It's official -- Holden has snared V8 Supercar's dominant team, returning Craig Lowndes and Jamie Whincup to the Lion camp next year.
And it was Holden that proposed the marriage with Roland Dane's Triple Eight Race Engineering/Team Vodafone, not a case of Dane knocking on the General's doors.
The atmosphere was electric at Holden's Fishermans Bend headquarters in Melbourne this morning as incoming chief executive Alan Batey confirmed to the media and hundreds of Holden workers what we first reported yesterday -- the recruitment of Team Vodafone to the Holden camp.
Reassuring for fans was that the traditional passion for motorsport among senior executives at the Bend that seemed to have dimmed, even before the global economic meltdown, is burning as brightly as ever in new "captain-coach" Batey, even if it will now be concentrated heavily on just two teams -- Holden Racing Team and Team Vodafone.
Batey's address, apart from containing the big announcement, was like a footy grand final rev-up.
He admitted after the presentation that he felt like a kid who had just got precisely what he wanted for Christmas.
And he said that it was all part of grander Holden plans that include Commodore engine upgrades in the very near future and a new production line in Adelaide to build the small Cruze.
Batey, a long-time General Motors man originally from England, and Dane, of Irish origin but now proudly Australian, go back more than 12 years to a Vauxhall racing deal in the UK.
Unlike Ford, Holden can not only live with Dane's top-shelf sponsorship portfolio but indeed welcomes it, happy to be a subsidiary presence on the cars to the red Vodafone livery that so troubled the Blue Oval chiefs.
What Holden, and Batey, wanted most of all was a winner -- and one that it foresees will motivate (Tom) Walkinshaw's factory-bankrolled HRT to perform to its maximum.
An announcement about HRT is expected this Friday ahead of the weekend's Sandown round of the V8 Supercar Championship.
Dane is excited at working with a company that is (again) oozing enthusiasm for racing rather than the "mausoleum" he encountered on the other side of Melbourne at Ford's Broadmeadows headquarters.
In all of this Holden gets back V8 Supercar's most popular driver, Craig Lowndes, for effectively nothing, after Ford shelled out $5 million (over five years) to woo him nine years ago.
Lowndes wasn't at today's announcement because, unlike Dane and Whincup, he is still under contract to Ford.

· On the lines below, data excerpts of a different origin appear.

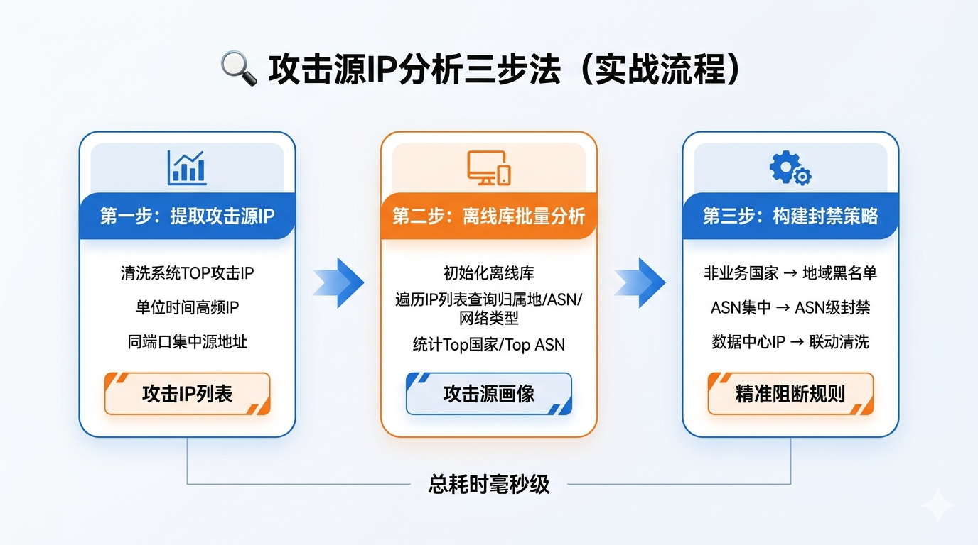 DDoS攻击应急响应中,快速分析攻击源的地域分布、网络归属和ASN组织 ,是制定阻断策略、缩短攻击影响窗口的核心能力。上述实战方案的关键在于批量提取攻击日志→本地离线库解析攻击源画像→针对性制定封禁策略,核心逻辑只需几行代码,却能显著提升应急响应效率。
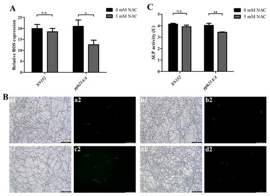 The ROS level and autophagic activity of SN152 and pph21Δ/Δ biofilms after pretreatment with NAC. (A) The relative ROS expression of the 24 h biofilm; * p < 0.05; n.s.: no significant difference. (B) Representative DCFH-DA fluorescence images of the 24 h biofilm: (a1,a2) SN152; (b1,b2) SN152 + NAC; (c1,c2) pph21Δ/Δ; (d1,d2) pph21Δ/Δ + NAC; 1: bright field; 2: DCFH-DA. Scale bar = 100 µm. (C) The ALP activity of the 24 h biofilm. The ROS level and ALP activity levels of the pph21Δ/Δ + NAC biofilm were lower than those of the untreated group (pph21Δ/Δ); ** p < 0.01; n.s.: no significant difference.
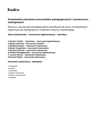 Kadra Przedszkole zatrudnia pracowników pedagogicznych i pomocniczo obsługowych. Wszyscy nauczyciele posiadają pełne kwalifikacje do pracy w przedszkolu i legitymują się następującymi stopniami awansu zawodowego: Ilona Sokołowska - nauczyciel dyplomowany – dyrektor 1.Dorota Cieślik - katecheta – nauczyciel dyplomowany 2.Beata Łachman - nauczyciel stażysta 3.Elżbieta Kardas - nauczyciel mianowany 4.Beata Kwapińska - nauczyciel mianowany 5.Barbara Misztal - nauczyciel mianowany 6.Anetta Niewęgłowska - nauczyciel dyplomowany 7.Lucyna Kieraś - nauczyciel mianowany 8.Dorota Piejek - nauczyciel mianowany Pracownicy pomocniczo - obsługowi: 1 intendent 4 woźne 1 kucharka 1 pomoc kuchenna 1 pomoc nauczyciela 1 dozorca

But Whincup was there, talking of his hopes of winning another national title with Holden next year -- which could be his third if he claims his second this year in Team Vodafone's "Hogster" (a Falcon without a Blue Oval badge after Ford decided to contribute financially only to Ford Performance Racing and Stone Brothers Racing this year).
"This (switch) is a fantastic step forward," said Whincup, confident that Team Vodafone can bring its supporter base as well as its winning ways to the Lion camp.
Dane admitted that Triple Eight had been working on its Holden engineering project "for quite a while".
He said that Triple Eight, apart from building customer race cars, was already a supplier to all but two V8 Supercar teams (Ford and Holden) -- and that he saw that continuing.
But, while it is willing to assist existing customer teams including Jim Beam/Dick Johnson Racing, it will no longer build Falcons for anyone.
All Triple Eight's development focus will be on Holdens.
Inevitably there are going to be some losers out of this -- lesser teams that have enjoyed Holden's financial support -- but all the portents are that this is a great deal for Holden.
Its American parent is a long way from being out of the woods yet, and Holden is still just either side of break-even at the minute, but by recruiting Team Vodafone it's just kicked a massive goal in motorsport.